The absence of shared memory makes the evaluation and design of an interconnection network capable of efficiently supporting internode communication patterns crucial. A network model based on the asymptotic properties of closed queueing networks representing the effects of the network topology, node and communication link speeds, and the internode communication patterns is developed. With this model, it is possible to compare the performance of different network topologies processing the same workload, determine the range of network sizes over which a given topology can meet specified performance requirements, and calculate the size of computation quanta below which communication delays negate possible gains due to increased parallelism.

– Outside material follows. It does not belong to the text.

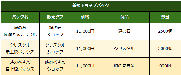 - 縁の石ショップ/ 時の巻き糸ショップ / クリスタルショップに新しくパックが各1種ずつ追加されます。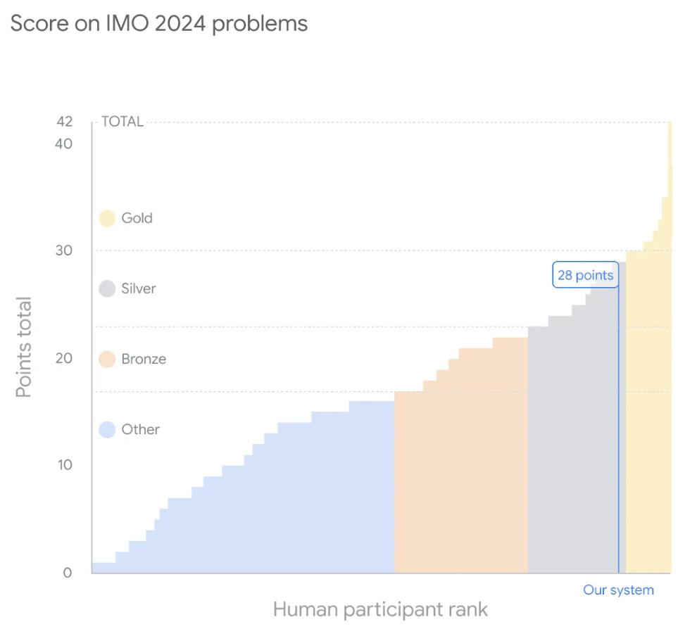 六个问题中的每一个问题满分 7 分,总分最高 42 分。DeepMind 的系统最终得分为 28 分,意味着解决的 4 个问题都获得了满分——相当于银牌类别的最高分。今年的金牌门槛为 29 分,正式比赛的 609 名选手中有 58 人获得了金牌。

Because of communication delays, no node can possess an exact description of the entire network state; all scheduling decisions must be made using incomplete and possibly inaccurate status information. The efficacy of distributed scheduling heuristics as a function of network topology, status information accuracy, and the amount of computation represented by each task are examined. Knowledge of a small area surrounding each node is shown to be sufficient to make acceptable scheduling decisions.
Finally, the importance of partial differential equations as models of many phenomena has motivated the search for solution algorithms suited to multimicrocomputer networks. This work has sought to relax the severe synchronization constraints imposed by most algorithms and to determine an appropriate number of discretization points to place in each network node. This has led to a class of solution algorithms spanning the spectrum from completely sequential and synchronous to completely parallel and fully asynchronous.